» What you need to do
Your answer must be an exact repeat of the lines from the one containing "Buksen er blå" through the last line of the records, both included, with no pictures.

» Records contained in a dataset
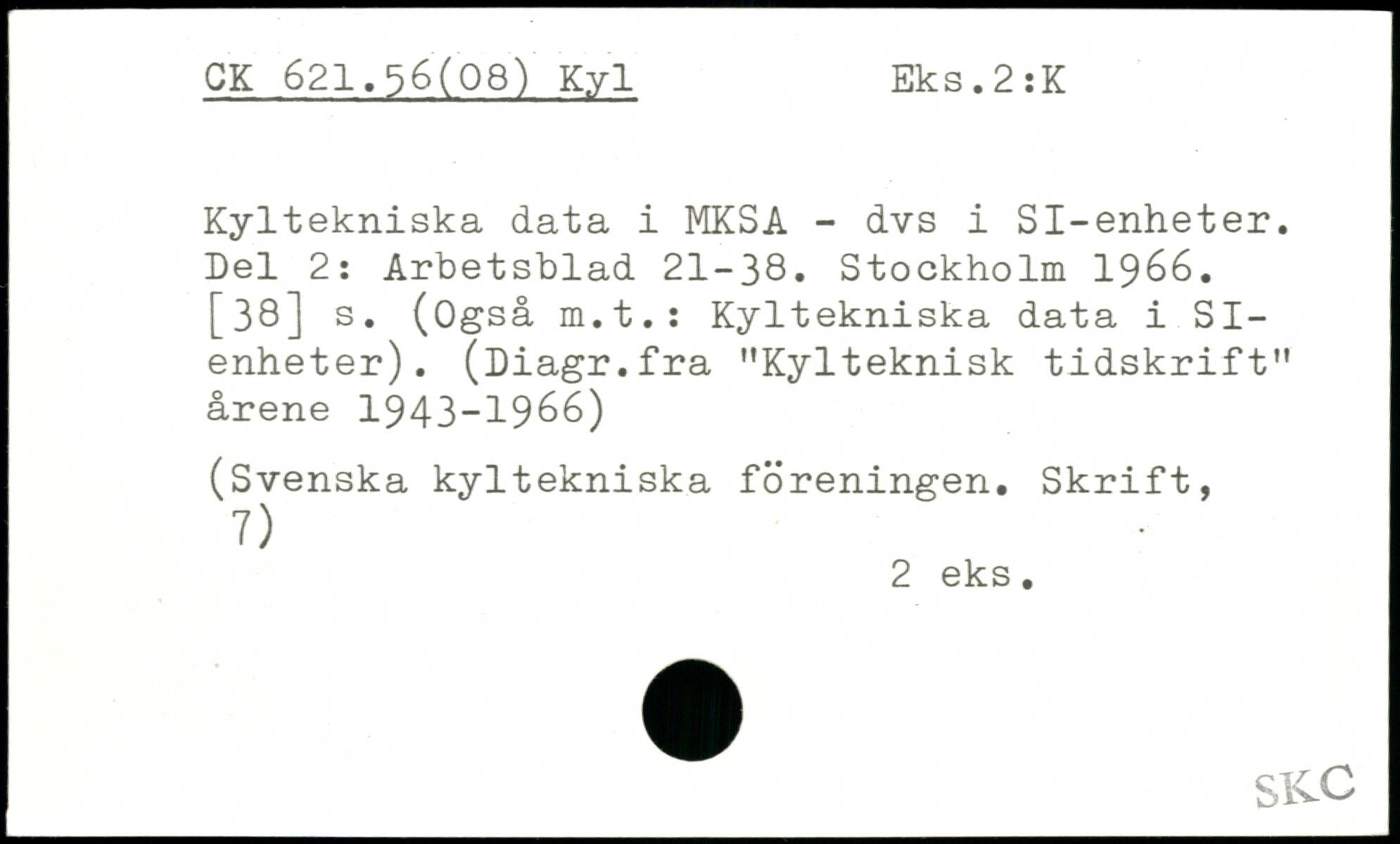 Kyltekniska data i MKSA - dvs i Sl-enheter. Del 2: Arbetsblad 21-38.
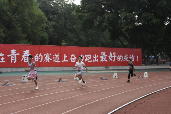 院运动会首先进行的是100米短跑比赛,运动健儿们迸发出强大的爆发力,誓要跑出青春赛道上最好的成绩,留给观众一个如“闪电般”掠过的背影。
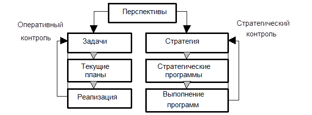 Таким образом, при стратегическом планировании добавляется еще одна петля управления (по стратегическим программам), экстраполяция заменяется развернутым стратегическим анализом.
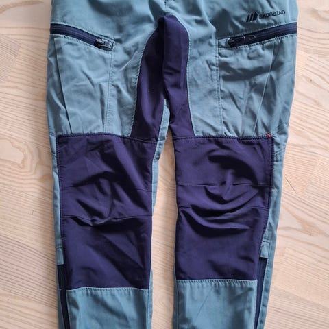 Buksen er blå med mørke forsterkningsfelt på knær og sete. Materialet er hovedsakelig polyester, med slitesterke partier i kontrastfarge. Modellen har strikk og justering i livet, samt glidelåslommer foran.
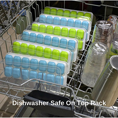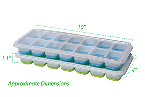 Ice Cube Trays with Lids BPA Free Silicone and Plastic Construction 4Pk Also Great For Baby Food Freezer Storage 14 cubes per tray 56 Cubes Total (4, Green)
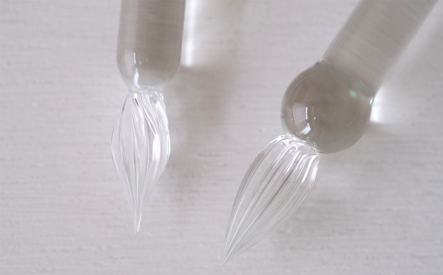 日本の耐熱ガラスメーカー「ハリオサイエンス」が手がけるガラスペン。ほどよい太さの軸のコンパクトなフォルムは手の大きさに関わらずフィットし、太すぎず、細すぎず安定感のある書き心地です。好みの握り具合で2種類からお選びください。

» The answer
 Buksen er blå med mørke forsterkningsfelt på knær og sete. Materialet er hovedsakelig polyester, med slitesterke partier i kontrastfarge. Modellen har strikk og justering i livet, samt glidelåslommer foran.
 Ice Cube Trays with Lids BPA Free Silicone and Plastic Construction 4Pk Also Great For Baby Food Freezer Storage 14 cubes per tray 56 Cubes Total (4, Green)
 日本の耐熱ガラスメーカー「ハリオサイエンス」が手がけるガラスペン。ほどよい太さの軸のコンパクトなフォルムは手の大きさに関わらずフィットし、太すぎず、細すぎず安定感のある書き心地です。好みの握り具合で2種類からお選びください。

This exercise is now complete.